Looking at the current state of things, it seems that changes that were
done on chekin 1450
are the root of the problem.
 
It seems that the mechanism that maps Mac addresses and ip addresses
into IB multicast was broken.
This was done when ipoib_port_join_mcast has changed from:
 
  mcast_req.member_rec.mgid.raw[12] = 0;//mac.addr[1];
  mcast_req.member_rec.mgid.raw[13] = mac.addr[3];
  mcast_req.member_rec.mgid.raw[14] = mac.addr[4];
  mcast_req.member_rec.mgid.raw[15] = mac.addr[5];

to 
  mcast_req.member_rec.mgid.raw[12] = mac.addr[1];
  mcast_req.member_rec.mgid.raw[13] = mac.addr[3];
  mcast_req.member_rec.mgid.raw[14] = mac.addr[4];
  mcast_req.member_rec.mgid.raw[15] = mac.addr[5];

It seems that now mac_addr[1] is not always 0 as it used to be. Instead
this data is being taken from the ip addresses.
 
More than that, it seems that on the function ipoib_refresh_mcast the
lines 
   if ( ( p_mac_array[i].addr[0] == 1 && p_mac_array[i].addr[1] == 0 &&
p_mac_array[i].addr[2] == 0x5e &&
       p_mac_array[i].addr[3] == 0 && p_mac_array[i].addr[4] == 0 &&
p_mac_array[i].addr[5] == 1 ) ||
      !( p_mac_array[i].addr[0] == 1 && p_mac_array[i].addr[1] == 0 &&
p_mac_array[i].addr[2] == 0x5e )
 
that were added actually means that for normal multicast addresses
(starting with 01-00-5e) no multicast group will be created.
 
The attached patch, fixes my specific test, but might cause problems to
other scenarios. It is not a fix, but rather trying to show the problem
more clearly.
 
A few more interesting points:
 
1) IP multicast addresses are wider than Mac addresses.

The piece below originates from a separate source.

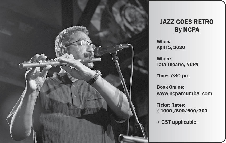 NCPA presents ‘JAZZ GOES RETRO’ – the greatest hit songs ever – all Jazzified! These include timeless songs of Michael Jackson, Madonna, Elton John, Sting, Rolling Stones, Led Zeppelin, Doors, Eric Clapton and many more, performed by a jazz band stellar musicians including Rajeev Raja (Flute); Rahul Wadhwani (Piano); Manfred Weinburger (Trumpet); Sanjay Divecha (Guitar); Jarryd Rodrigues (Alto Sax); Rhys Sebastian (Tenor Sax); Saurabh Suman (Bass) and Aron Nyiro (Drums).
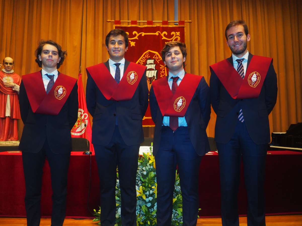 Otro de los momentos emocionantes del acto fue sin duda la imposición de becas e insignias a los colegiales de 4to curso del ciclo académico 2019-2020 que por motivos del confinamiento no pudieron recibir en tiempo y forma las distinciones que merecían. Los colegiales que recibieron beca de insignia fueron los siguientes: D. Juan Pablo de la Cruz del Ser – D. Diego Díaz Fernández – D. Juan José García Núñez – D. Juan Gómez García.

We need to
decide what encoding we want to use. see 
http://www.microsoft.com/technet/prodtechnol/windows2000serv/reskit/intw
ork/inaf_mul_wrfn.mspx?mfr=true for example.
Please note that it might be that some ip multicast address will have to
share the same Mac addresses.
 
2) On the same machine when running on Broadcom cards IGMP v2 is used.
On ipoib cards IGMP v3 is used
 
To run the test:
reciver: mcastrcv.exe 11.4.12.85 19007 239.0.0.2 25 406 99
 
sender: mcastsnd.exe 11.4.12.86 19007 239.0.0.2 25 406 100
Please replace the ip 11.4.12.85/6 with the local IPOIB addreses.
 
 
Index: ipoib_adapter.c
===================================================================
--- ipoib_adapter.c (revision 3408)
+++ ipoib_adapter.c (working copy)
@@ -817,6 +817,18 @@
  uint8_t    i, j;
  ipoib_port_t  *p_port = NULL;
 
+    for (i=0; i< num_macs; i++) {
+        DbgPrint("entry %d, mac = %d-%d-%d-%d-%d-%d\n", i, 
+            p_mac_array[i].addr[0],
+            p_mac_array[i].addr[1],
+            p_mac_array[i].addr[2],
+            p_mac_array[i].addr[3],
+            p_mac_array[i].addr[4],
+            p_mac_array[i].addr[5]
+        );
+    }
+
+
  IPOIB_ENTER( IPOIB_DBG_MCAST );
  cl_obj_lock( &p_adapter->obj );
  if( p_adapter->state == IB_PNP_PORT_ACTIVE )
@@ -859,11 +871,15 @@
 
    if( j != p_adapter->mcast_array_size )
     continue;
+/*
    if ( ( p_mac_array[i].addr[0] == 1 && p_mac_array[i].addr[1] == 0 &&
p_mac_array[i].addr[2] == 0x5e &&
        p_mac_array[i].addr[3] == 0 && p_mac_array[i].addr[4] == 0 &&
p_mac_array[i].addr[5] == 1 ) ||
       !( p_mac_array[i].addr[0] == 1 && p_mac_array[i].addr[1] == 0 &&
p_mac_array[i].addr[2] == 0x5e )
-    )
+    )*/
+    
    {
+ IPOIB_PRINT( TRACE_LEVEL_ERROR,IPOIB_DBG_OID,("\n"));
+   
     ipoib_port_join_mcast( p_port, p_mac_array[i],
IB_MC_REC_STATE_FULL_MEMBER );
    }
   }
@@ -877,6 +893,8 @@
  if( p_port )
   ipoib_port_deref( p_port, ref_refresh_mcast );
 
+DbgPrint("ipoib_refresh_mcast exiting\n");
+
  IPOIB_EXIT( IPOIB_DBG_MCAST );
 }
 
@@ -1109,6 +1127,7 @@
   /* Join all programmed multicast groups. */
   for( i = 0; i < p_adapter->mcast_array_size; i++ )
   {
+   IPOIB_PRINT( TRACE_LEVEL_ERROR,IPOIB_DBG_OID,("\n"));
    ipoib_port_join_mcast(
     p_adapter->p_port, p_adapter->mcast_array[i]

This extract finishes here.